What needs to be done
Please return only the lines from the one showing "Life on the Lochsa, as it should be" to the end of the entries, keeping both ends and dropping every picture.

══ Data in this exercise

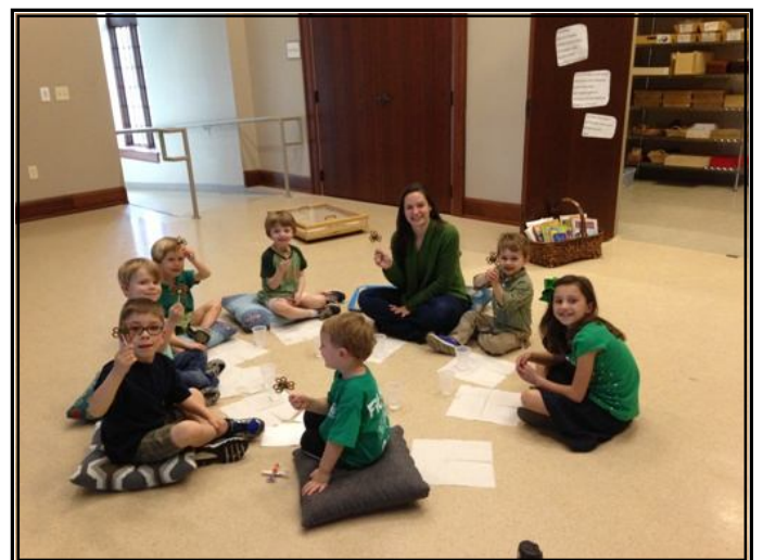
Godly Play St. Patrick Celebration

On April 5th all are invited to join in hearing the story of Easter Eggs in the Great Hall at 10:00AM. After the story, children are invited to hunt for eggs outside the Community Life Center. This year, eggs will contain tickets instead of candy. Children will count tickets and place them in jars for three designated non-profit organizations. Money will then be donated to each organization in honor of St. Mary’s children. After making their donation, children will get to choose a few pieces of candy. Following the egg hunt, resurrection related crafts will be available in the Great Hall.
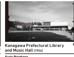
Kanagawa Prefectural Library and Music Hall [1954] Kunio Mayakawa
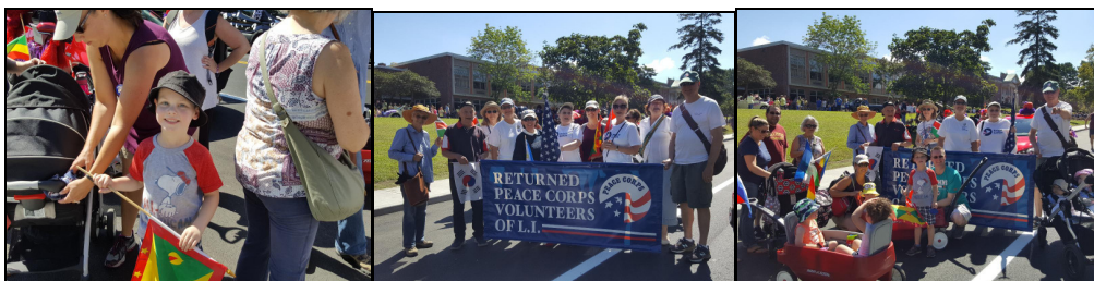
Photos from previous parade

The staging area is at the Laurel Avenue--William Brosnan School; signs there will direct you to the gathering spot for our group; plan to be there by 11:15 a.m. Leave yourself time to park since there are some street closures. Directions will be included in the reminder e-mail
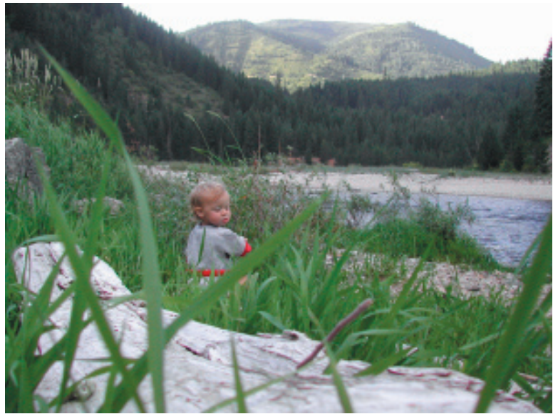
Life on the Lochsa, as it should be
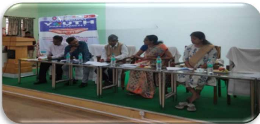
Youth Parliament Competition at Vidyasagar University on 20.03.2025 and 21.03.2025
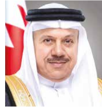
H.E. Dr. Abdullatif bin Rashid Al Zayani

════

Task result
Life on the Lochsa, as it should be
Youth Parliament Competition at Vidyasagar University on 20.03.2025 and 21.03.2025
H.E. Dr. Abdullatif bin Rashid Al Zayani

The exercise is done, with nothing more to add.